Adolf Hitler played cricket. He raised his own cricket team to play some British prisoners of war during the First World War, then declared the sport “unmanly” and tried to rewrite the laws of the game.
The Führer’s First XI sounds like a Spike Milligan joke, but this small nugget of history is true. In all the millions of words written about Hitler, his telling brush with cricket seems to have escaped the attention of historians.
The incident is referred to in John Simpson’s new book about 20th- century reporting, citing a piece in the
Daily Mirror in 1930. I have the article in front of me. Sandwiched between advice on preventing mildew in chrysanthemums and an advert for Barkers’ evening cloaks, it is quite extraordinary, and extraordinarily revealing: about Hitler, the nature of cricket, and why the world’s worst tyrant and the world’s greatest game were never going to get on.
The
Mirror piece was written by Oliver Locker-Lampson, an MP, decorated wartime veteran, right-wing zealot and fervent admirer of Hitler. It was published under the headline “Adolf Hitler As I Know Him” on September 30, 1930, as the Nazis’ brutal rise to power gathered pace.
In it, Locker-Lampson describes how in 1923, shortly after the Munich putsch, he met some British officers who had been prisoners of war in southern Germany during the First World War. By coincidence Hitler, then a lance corporal in the German Army, was recovering from his wounds in a nearby hospital.

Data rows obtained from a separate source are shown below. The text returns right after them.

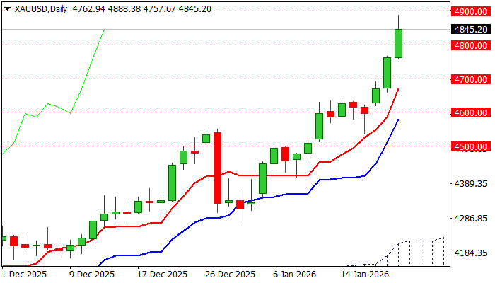 Gold hit new record high at $4888 on Wednesday and came closer to magic $5000 barrier, which is likely to be attacked very soon, if the current conditions persist.
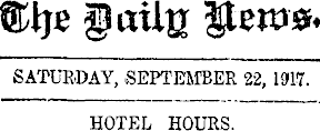 The Daily News. SATURDAY, SEPTEMBER 22, 1917. HOTEL HOURS.
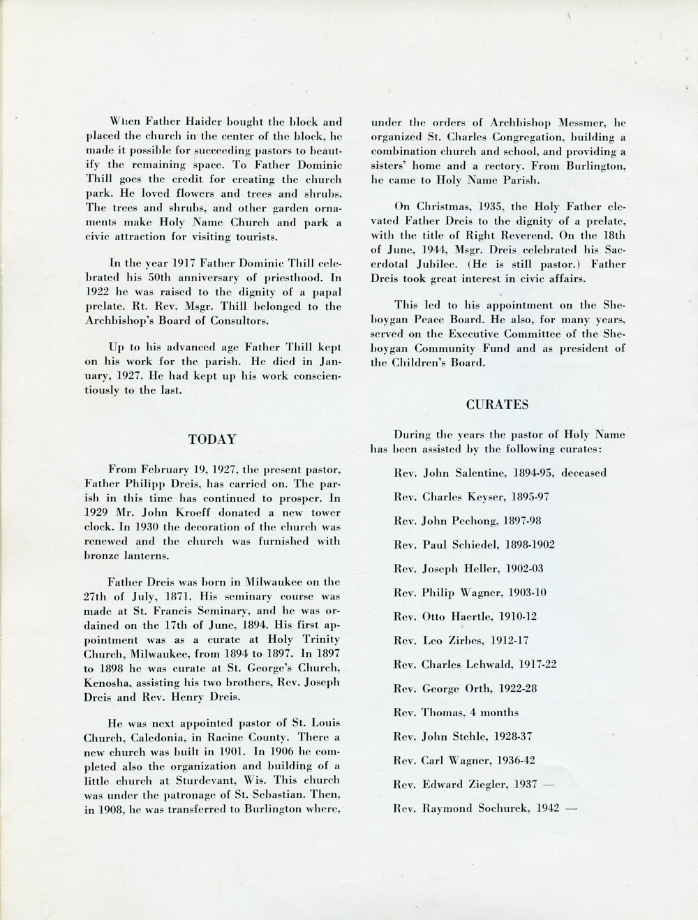 1945 Holy Name Church, Centennial Anniversary, 1845-1945, Sheboygan, Wisconsin, Page 18: The Chronicle, Today, Curates.
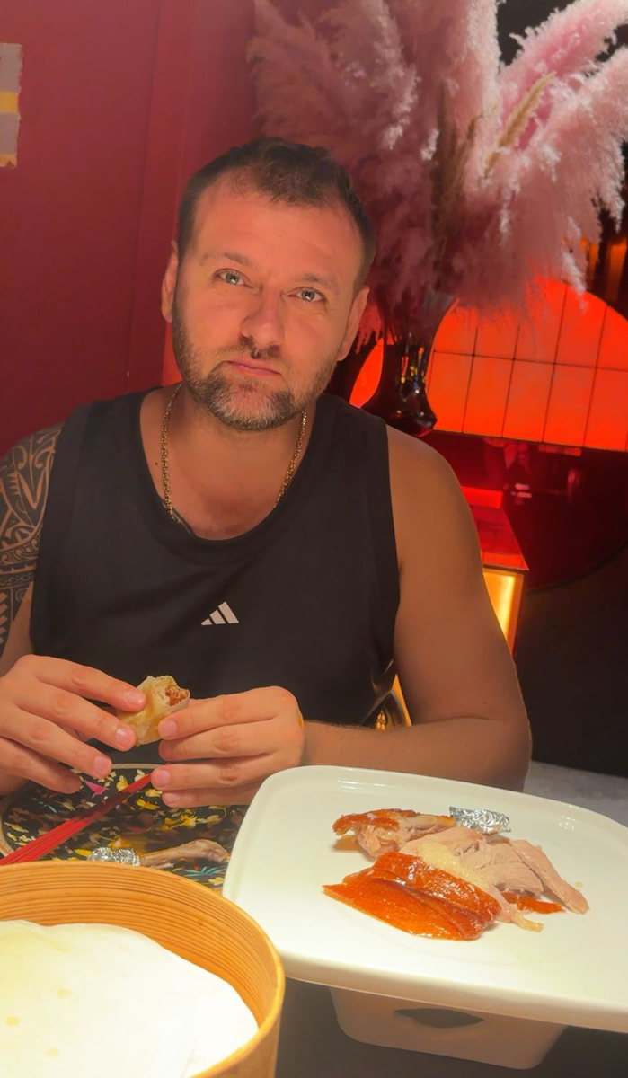 Во время нашего путешествия на Хайнане - мы решили поужинать в ресторане 1981 (это было наше первое путешествие на Хайнань). 7 сентября был день моего рождения (как отмечали - смотрите здесь) - поужинать решили именно в этом ресторане - так как по отзывам это был один из лучших ресторанов, где можно попробовать вкусную утку по-пекински. Это был наш первый опыт с эти блюдом)) Меню - как и везде - на китайском (переводчик в помощь) Конечно же , приехав в Китай, мы хотели попробовать вкусную утку по - пекински, поэтому мы ее и заказали. Подача очень интересная: су-шеф привозит тележку- на которой при вас разделывает утку и подает с различными соусами - конечно же , это очень вкусно - утка, не просто запеченная, она глазированная в специальном соусе, который дает слегка сладкую хрустящую корочку- рекомендуем обязательно попробовать! У китайцев принято кусочки утки заворачивать в тонике лепешки - добавляя соус, зелень и овощи. Еще мы заказали несколько фирменных блюд: куриные желудки, сало
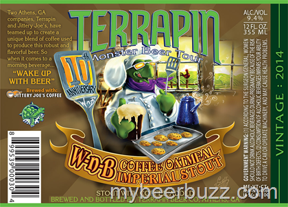 Here we have Terrapin 10th Anniversary W-N-B Coffee Oatmeal Imperial Stout 2014. This beer continues to use Jittery Joe’s coffee and this 2014 version marks the 10th Anniversary of W-N-B (aka Wake and Bake). This version will be packaged in 22oz bottles and come in at 9.4% ABV.
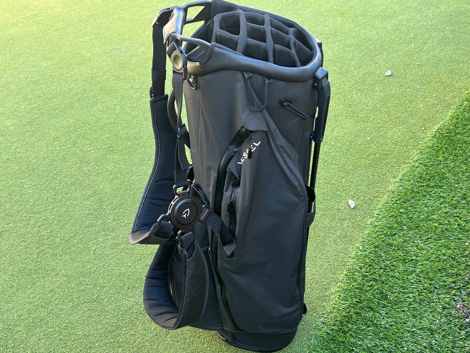 The Vessel Player Air Stand Bag is designed to be on your back. The self-balancing shoulder straps are comfortable while being lightweight. They ride very nicely on the shoulders as a backpack, but even work pretty well if you just use one strap to move the bag around. The pad on the bag is minimal, but still functions to reduce pressure on your lower back. The carbon fiber legs are strong, sturdy and deploy easily. They too are lightweight. The base is a pivot base so that your bag looks great whether it is stand straight up or tilted on the legs. It works exactly as the walking golfer wants.

“He had come to them one day and asked whether he might watch an eleven of cricket at play so as to become initiated into the mysteries of our national game,” writes Locker- Lampson. “They welcomed him, of course, and wrote out the rules for him in the best British sport-loving spirit.”

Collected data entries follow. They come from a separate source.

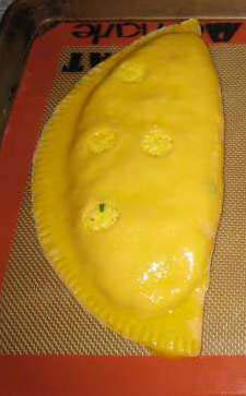 o In the half of the pastry circle that will cover the filling, make three "thimble" size holes.
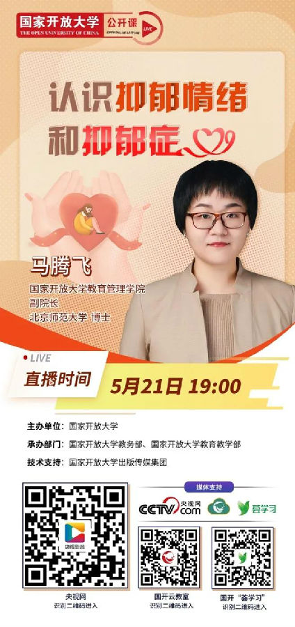 马腾飞老师带大家认识抑郁情绪和抑郁症,了解两者有什么不同,并且带来一些很实用的建议,指导大家如何应对抑郁情绪和抑郁症。
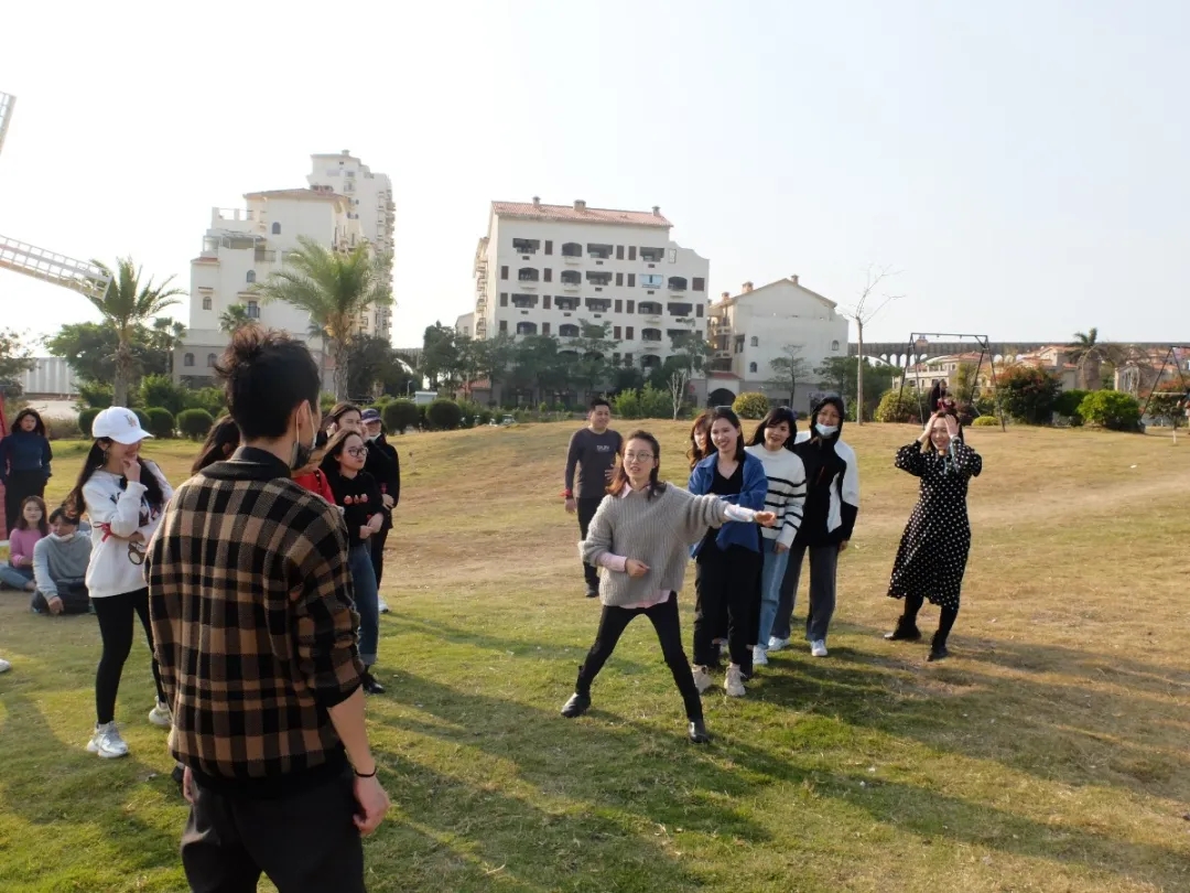 之后,就是集體活動時段。藍天和青草坪,延續(xù)著遙遠世界的風(fēng)景,此刻也聚集了所有的一方小伙伴。小伙伴們提前被劃分成四組,開始了斗智斗勇斗歡樂的環(huán)節(jié)。趣味指令、你比我猜和猜拳對擂賽依次進行,留下了一個個矯健的身影。草坪上回旋的是小伙伴們歡悅的笑聲,還有主持人耐心維持秩序的大嗓門。無辜的勝負欲,成了大家一致的情緒。幾輪游戲下來,還不熟絡(luò)的新同事已然走近彼此,有梗的,有趣的,有思想的,都是一方家人。
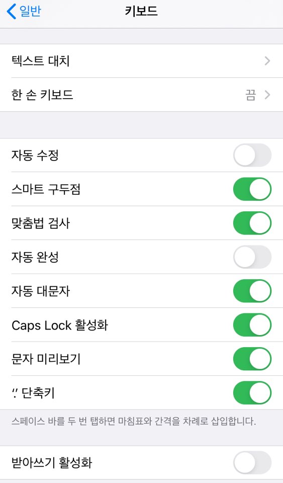 키보드 메뉴로 들어가면 자동수정,자동완성,자동대문자,문자미리보기 등 많은 기능이 다 켜져 있는데요.
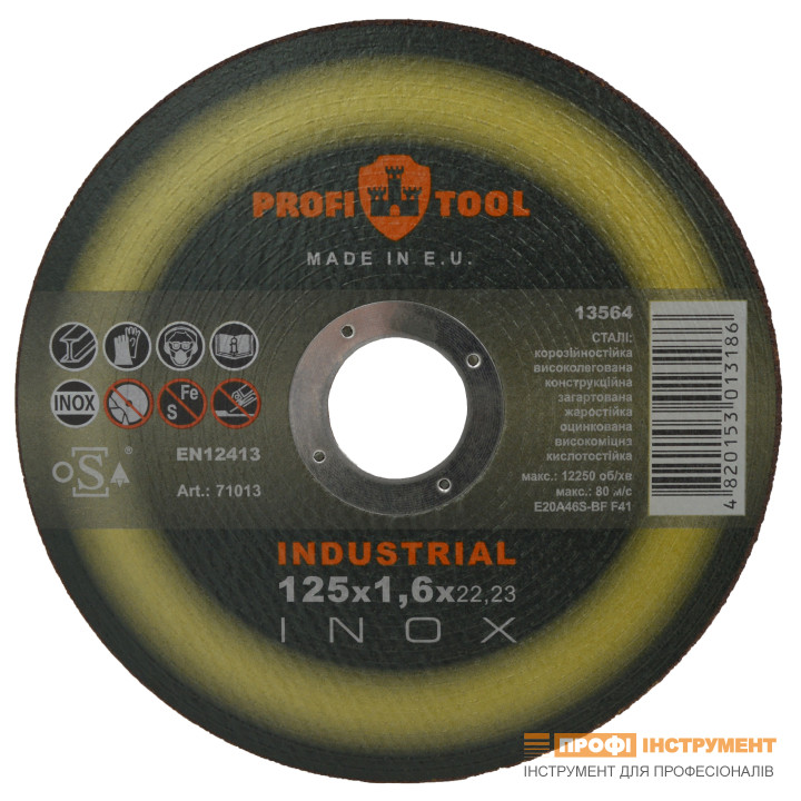 - Круг відрізний по металу PROFITOOL INOX INDUSTRIAL 125х1,6х22,2 мм (71013)
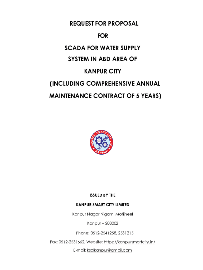 REQUEST FOR PROPOSAL FOR SCADA FOR WATER SUPPLY SYSTEM IN ABD AREA OF KANPUR CITY (INCLUDING COMPREHENSIVE ANNUAL MAINTENANCE CONTRACT OF 5 YEARS)ISSUED BY KANPUR SMART CITY LIMITED Kanpur Nagar Night,
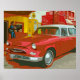 Póster Viejo coche rojo en el antiguo Poster de la estaci
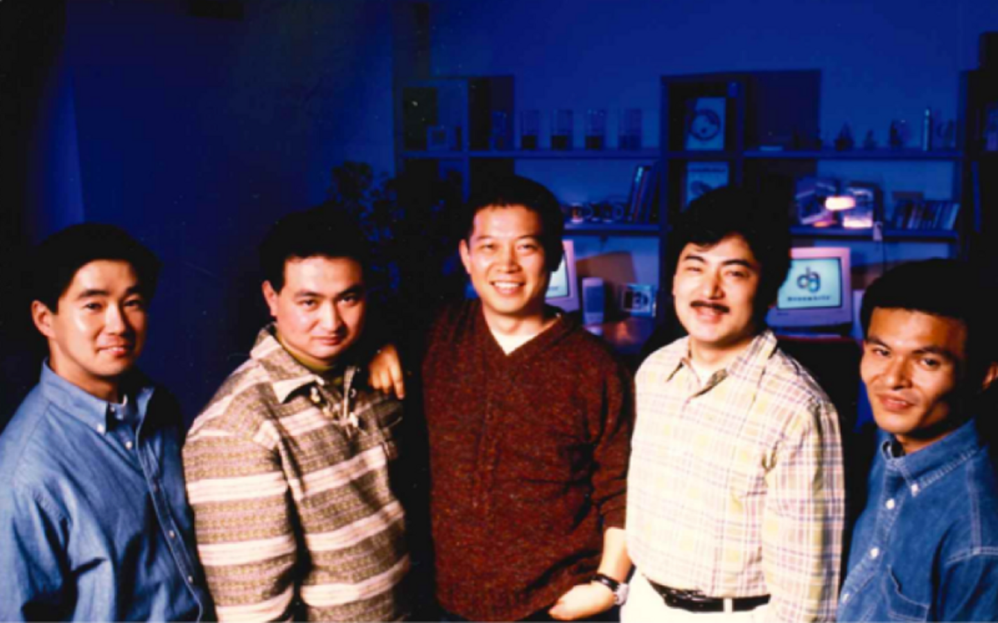 ▲ ドリーム・アーツ設立時のメンバー。代表の山本(中央)と前川(中央左)

According to Locker-Lampson, Hitler returned a few days later, having assembled his own team, and challenged the British to a “friendly match”. As Simpson points out, Locker-Lampson infuriatingly failed to inform his readers who won, but we can assume that the British POWs thrashed Hitler’s XI, because he immediately declared the game insufficiently violent for German Fascists.
Hitler, it seems, had an ulterior motive for wanting to play the game: “He desired to study it as a possible medium for the training of troops off duty and in times of peace.” He also wanted the game to be Nazified.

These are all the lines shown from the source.